Starting at the first line of the records and stopping at the line that contains "- and finally, just", transcribe every line exactly and leave out the pictures.

▸ Data for this task:
- - - - -
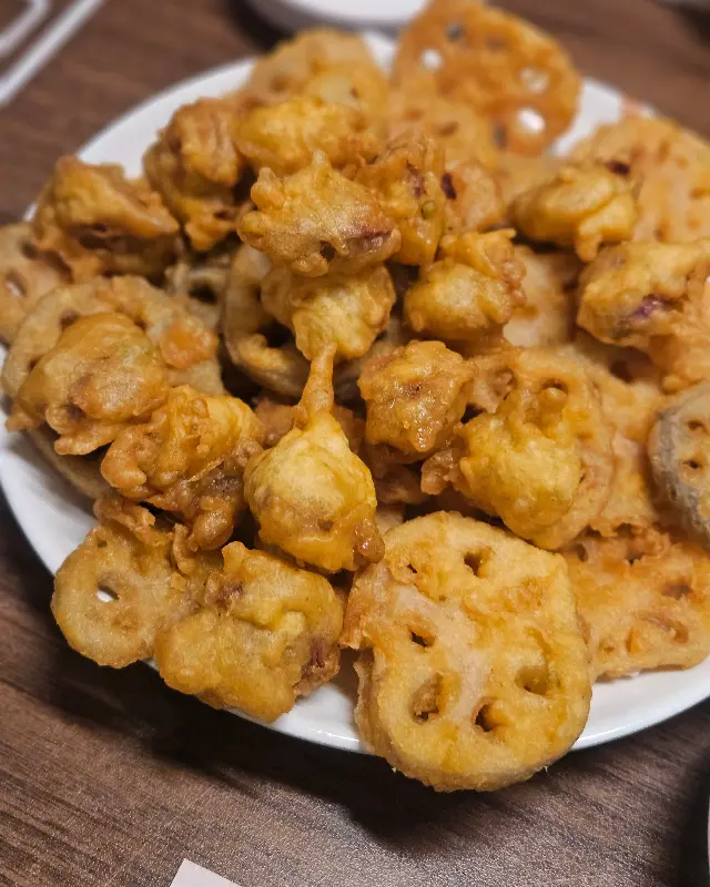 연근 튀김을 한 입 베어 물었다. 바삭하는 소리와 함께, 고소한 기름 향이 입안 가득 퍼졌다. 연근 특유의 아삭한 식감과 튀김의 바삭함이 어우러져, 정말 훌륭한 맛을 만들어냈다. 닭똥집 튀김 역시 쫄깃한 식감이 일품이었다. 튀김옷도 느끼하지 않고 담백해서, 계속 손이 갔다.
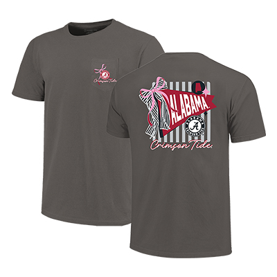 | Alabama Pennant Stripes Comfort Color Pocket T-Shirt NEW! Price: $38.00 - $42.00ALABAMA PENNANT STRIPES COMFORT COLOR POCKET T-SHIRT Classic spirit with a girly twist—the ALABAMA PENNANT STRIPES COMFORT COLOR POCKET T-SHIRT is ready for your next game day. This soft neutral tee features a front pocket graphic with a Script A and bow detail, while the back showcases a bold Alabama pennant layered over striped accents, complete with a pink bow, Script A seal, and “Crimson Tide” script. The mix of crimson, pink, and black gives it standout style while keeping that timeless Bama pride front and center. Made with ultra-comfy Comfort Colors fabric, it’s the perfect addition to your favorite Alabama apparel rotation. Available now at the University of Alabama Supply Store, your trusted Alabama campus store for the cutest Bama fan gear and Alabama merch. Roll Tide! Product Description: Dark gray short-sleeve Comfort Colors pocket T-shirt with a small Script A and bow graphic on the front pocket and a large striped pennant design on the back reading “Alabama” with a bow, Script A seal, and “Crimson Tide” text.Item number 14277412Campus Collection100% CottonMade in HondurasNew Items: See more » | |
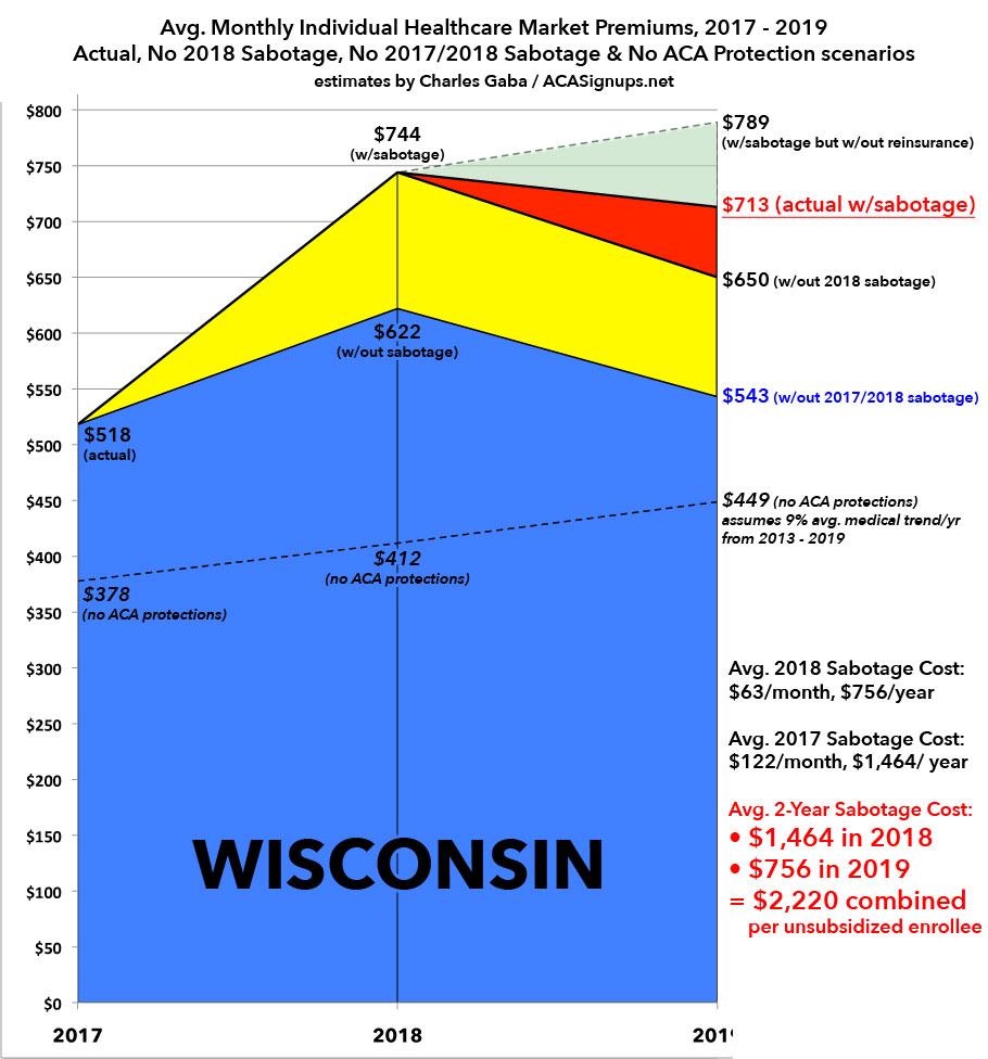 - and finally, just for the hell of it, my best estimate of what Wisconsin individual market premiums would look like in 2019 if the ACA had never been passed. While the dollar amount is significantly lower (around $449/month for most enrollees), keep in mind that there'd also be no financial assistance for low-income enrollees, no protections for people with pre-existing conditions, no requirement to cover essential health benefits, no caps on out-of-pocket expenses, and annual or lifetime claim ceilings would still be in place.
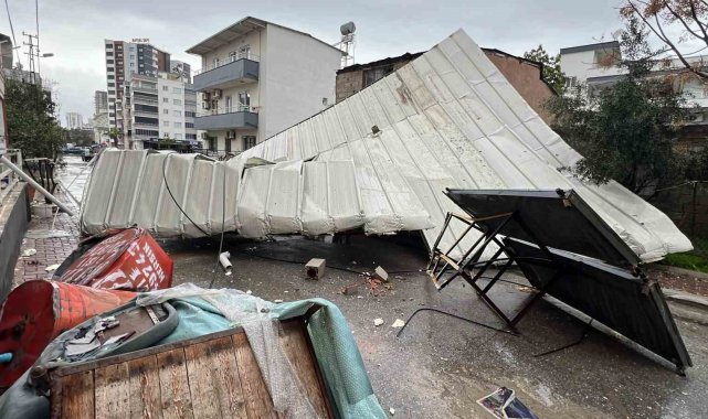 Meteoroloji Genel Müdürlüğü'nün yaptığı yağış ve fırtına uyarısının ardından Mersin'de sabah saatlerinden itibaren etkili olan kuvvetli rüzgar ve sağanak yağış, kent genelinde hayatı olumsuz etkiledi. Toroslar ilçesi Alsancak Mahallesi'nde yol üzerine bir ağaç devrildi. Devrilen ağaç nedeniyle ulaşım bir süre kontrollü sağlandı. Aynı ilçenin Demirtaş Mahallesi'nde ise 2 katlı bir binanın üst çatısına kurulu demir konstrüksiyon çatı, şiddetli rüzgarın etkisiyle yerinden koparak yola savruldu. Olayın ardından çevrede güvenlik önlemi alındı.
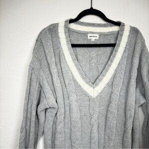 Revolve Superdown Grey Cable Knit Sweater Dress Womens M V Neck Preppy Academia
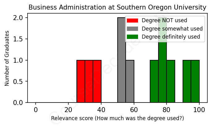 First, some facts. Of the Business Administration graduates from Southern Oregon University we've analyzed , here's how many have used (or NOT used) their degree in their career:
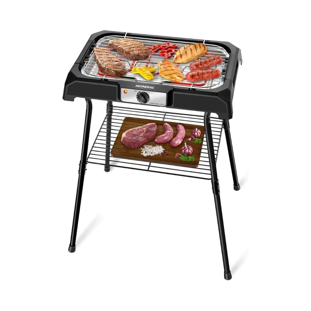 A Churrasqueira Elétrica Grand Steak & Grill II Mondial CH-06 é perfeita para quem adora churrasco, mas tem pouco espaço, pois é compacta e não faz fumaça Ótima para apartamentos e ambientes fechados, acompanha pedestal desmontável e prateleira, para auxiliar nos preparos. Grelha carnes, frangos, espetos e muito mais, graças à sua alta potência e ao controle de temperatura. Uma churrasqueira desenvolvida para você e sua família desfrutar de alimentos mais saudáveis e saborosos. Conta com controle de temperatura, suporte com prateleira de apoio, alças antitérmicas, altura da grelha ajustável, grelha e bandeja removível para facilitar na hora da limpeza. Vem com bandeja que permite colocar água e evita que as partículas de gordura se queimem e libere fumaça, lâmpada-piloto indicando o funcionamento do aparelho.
- - - - -
▸ Solution:
 연근 튀김을 한 입 베어 물었다. 바삭하는 소리와 함께, 고소한 기름 향이 입안 가득 퍼졌다. 연근 특유의 아삭한 식감과 튀김의 바삭함이 어우러져, 정말 훌륭한 맛을 만들어냈다. 닭똥집 튀김 역시 쫄깃한 식감이 일품이었다. 튀김옷도 느끼하지 않고 담백해서, 계속 손이 갔다.
 | Alabama Pennant Stripes Comfort Color Pocket T-Shirt NEW! Price: $38.00 - $42.00ALABAMA PENNANT STRIPES COMFORT COLOR POCKET T-SHIRT Classic spirit with a girly twist—the ALABAMA PENNANT STRIPES COMFORT COLOR POCKET T-SHIRT is ready for your next game day. This soft neutral tee features a front pocket graphic with a Script A and bow detail, while the back showcases a bold Alabama pennant layered over striped accents, complete with a pink bow, Script A seal, and “Crimson Tide” script. The mix of crimson, pink, and black gives it standout style while keeping that timeless Bama pride front and center. Made with ultra-comfy Comfort Colors fabric, it’s the perfect addition to your favorite Alabama apparel rotation. Available now at the University of Alabama Supply Store, your trusted Alabama campus store for the cutest Bama fan gear and Alabama merch. Roll Tide! Product Description: Dark gray short-sleeve Comfort Colors pocket T-shirt with a small Script A and bow graphic on the front pocket and a large striped pennant design on the back reading “Alabama” with a bow, Script A seal, and “Crimson Tide” text.Item number 14277412Campus Collection100% CottonMade in HondurasNew Items: See more » | |
 - and finally, just for the hell of it, my best estimate of what Wisconsin individual market premiums would look like in 2019 if the ACA had never been passed. While the dollar amount is significantly lower (around $449/month for most enrollees), keep in mind that there'd also be no financial assistance for low-income enrollees, no protections for people with pre-existing conditions, no requirement to cover essential health benefits, no caps on out-of-pocket expenses, and annual or lifetime claim ceilings would still be in place.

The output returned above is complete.